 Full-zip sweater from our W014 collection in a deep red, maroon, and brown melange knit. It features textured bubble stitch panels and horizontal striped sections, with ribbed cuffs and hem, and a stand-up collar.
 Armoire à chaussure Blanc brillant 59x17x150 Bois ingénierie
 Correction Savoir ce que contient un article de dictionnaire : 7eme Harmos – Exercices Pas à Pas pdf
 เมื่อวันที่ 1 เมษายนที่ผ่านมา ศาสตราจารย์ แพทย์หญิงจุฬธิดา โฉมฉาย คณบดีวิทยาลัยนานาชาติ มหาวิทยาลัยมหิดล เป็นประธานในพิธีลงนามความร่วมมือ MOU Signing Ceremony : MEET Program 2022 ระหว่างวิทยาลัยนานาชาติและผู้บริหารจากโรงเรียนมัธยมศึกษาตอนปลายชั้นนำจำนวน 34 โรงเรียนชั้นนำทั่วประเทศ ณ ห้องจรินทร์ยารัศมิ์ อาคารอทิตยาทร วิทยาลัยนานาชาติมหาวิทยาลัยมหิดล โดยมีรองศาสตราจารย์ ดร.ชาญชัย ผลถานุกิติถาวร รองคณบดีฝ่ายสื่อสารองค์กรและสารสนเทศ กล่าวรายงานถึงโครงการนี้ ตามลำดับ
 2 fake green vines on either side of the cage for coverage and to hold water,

******

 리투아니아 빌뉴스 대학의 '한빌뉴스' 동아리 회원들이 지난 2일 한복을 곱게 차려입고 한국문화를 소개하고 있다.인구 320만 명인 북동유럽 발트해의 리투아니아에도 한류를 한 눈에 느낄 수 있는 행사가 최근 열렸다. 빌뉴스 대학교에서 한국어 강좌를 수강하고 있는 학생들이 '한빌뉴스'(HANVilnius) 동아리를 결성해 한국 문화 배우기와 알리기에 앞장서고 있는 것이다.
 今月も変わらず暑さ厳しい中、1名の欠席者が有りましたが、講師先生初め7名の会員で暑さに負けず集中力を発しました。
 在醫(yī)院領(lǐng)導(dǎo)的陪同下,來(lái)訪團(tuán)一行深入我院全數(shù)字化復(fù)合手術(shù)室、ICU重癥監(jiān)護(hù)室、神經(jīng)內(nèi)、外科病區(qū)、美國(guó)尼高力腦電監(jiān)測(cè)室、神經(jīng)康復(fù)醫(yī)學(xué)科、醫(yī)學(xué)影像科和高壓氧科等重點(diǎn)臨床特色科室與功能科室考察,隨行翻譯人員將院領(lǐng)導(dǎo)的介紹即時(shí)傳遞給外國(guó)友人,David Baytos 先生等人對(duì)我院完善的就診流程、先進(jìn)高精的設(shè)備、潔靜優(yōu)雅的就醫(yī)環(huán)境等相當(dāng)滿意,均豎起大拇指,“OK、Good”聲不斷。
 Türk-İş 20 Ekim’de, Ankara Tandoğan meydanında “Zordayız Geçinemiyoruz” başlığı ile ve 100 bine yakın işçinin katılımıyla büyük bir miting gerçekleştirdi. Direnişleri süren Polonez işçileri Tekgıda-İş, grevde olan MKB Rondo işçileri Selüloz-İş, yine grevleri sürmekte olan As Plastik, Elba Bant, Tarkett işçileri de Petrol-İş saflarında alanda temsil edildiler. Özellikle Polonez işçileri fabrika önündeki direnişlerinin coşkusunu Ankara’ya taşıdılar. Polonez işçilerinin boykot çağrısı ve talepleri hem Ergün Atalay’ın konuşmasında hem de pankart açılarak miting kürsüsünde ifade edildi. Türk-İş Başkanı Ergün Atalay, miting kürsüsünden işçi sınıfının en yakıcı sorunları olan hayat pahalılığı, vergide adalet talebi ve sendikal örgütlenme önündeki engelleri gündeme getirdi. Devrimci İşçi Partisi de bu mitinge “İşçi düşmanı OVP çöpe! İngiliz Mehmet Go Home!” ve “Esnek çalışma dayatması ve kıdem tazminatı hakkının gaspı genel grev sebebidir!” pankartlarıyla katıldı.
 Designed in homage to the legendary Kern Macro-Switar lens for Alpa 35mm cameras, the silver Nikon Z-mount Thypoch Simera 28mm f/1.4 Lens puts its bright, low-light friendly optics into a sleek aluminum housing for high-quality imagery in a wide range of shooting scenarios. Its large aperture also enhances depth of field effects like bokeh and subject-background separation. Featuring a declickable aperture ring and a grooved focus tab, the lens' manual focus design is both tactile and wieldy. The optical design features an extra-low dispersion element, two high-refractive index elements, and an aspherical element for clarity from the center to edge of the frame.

******

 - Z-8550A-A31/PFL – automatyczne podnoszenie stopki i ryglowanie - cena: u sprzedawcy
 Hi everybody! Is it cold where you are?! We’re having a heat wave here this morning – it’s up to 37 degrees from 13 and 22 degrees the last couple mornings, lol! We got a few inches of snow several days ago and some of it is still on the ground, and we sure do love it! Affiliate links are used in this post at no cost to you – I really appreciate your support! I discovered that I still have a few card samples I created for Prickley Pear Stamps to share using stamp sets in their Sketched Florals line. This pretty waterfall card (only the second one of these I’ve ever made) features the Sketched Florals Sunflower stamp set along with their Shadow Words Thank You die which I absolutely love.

******

GOAL OF THE EXERCISE: Look above for the line with "Full-zip sweater from" and the line with "Armoire à chaussure". Write out those two lines and all the lines between them, exactly, and no others.

SOLUTION:
 Full-zip sweater from our W014 collection in a deep red, maroon, and brown melange knit. It features textured bubble stitch panels and horizontal striped sections, with ribbed cuffs and hem, and a stand-up collar.
 Armoire à chaussure Blanc brillant 59x17x150 Bois ingénierie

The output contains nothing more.